The Council of Governors (CoG) has raised concern over what they describe as a prejudiced approach by oversight institutions when dealing with county governments.

The CoG singled out the Office of the Auditor General (OAG), Ethics and Anti-Corruption Commission (EACC), Controller of Budget (CoB) and Commission on Revenue Allocation(CRA) saying they portray devolved units as avenues of embezzlement of public funds.

The CoG Finance, Planning and Economic Affairs Committee Chairman Fernandes Barasa said the agencies paint devolution as a failed system of governance.

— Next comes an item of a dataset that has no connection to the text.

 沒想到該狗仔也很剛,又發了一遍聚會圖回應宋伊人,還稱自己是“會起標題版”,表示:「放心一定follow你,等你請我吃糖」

“The Auditor General and the Controller of Budget have repeatedly and theatrically claimed that county governments do not have audit committees and effective internal audit functions, they claim that the absence of strong and effective internal audit functions in counties has created loopholes in governance, thereby failing to avert some of the pilferage and mismanagement through which billions of shillings are embezzled,” said Barasa.

The Kakamega Governor said the Auditor General has also been quoted saying that county governments have not made any noteworthy efforts to move towards producing unmodified audit opinions, therefore putting to question the integrity of devolved units' accountability systems.

Barasa defended county governments saying they have functional audit committees established in accordance with Section 167 (1) of Public Finance Regulations (for County Governments), 2015 and as per the Audit Committee Guidelines developed by the Public Sector Accounting Standards Board (PSASB).

The CoG Finance, Planning and Economic Affairs Committee Chairman said that county audit committees provide oversight of the financial reporting process, the audit process, the county risk management and internal control systems as well as compliance with laws and regulations.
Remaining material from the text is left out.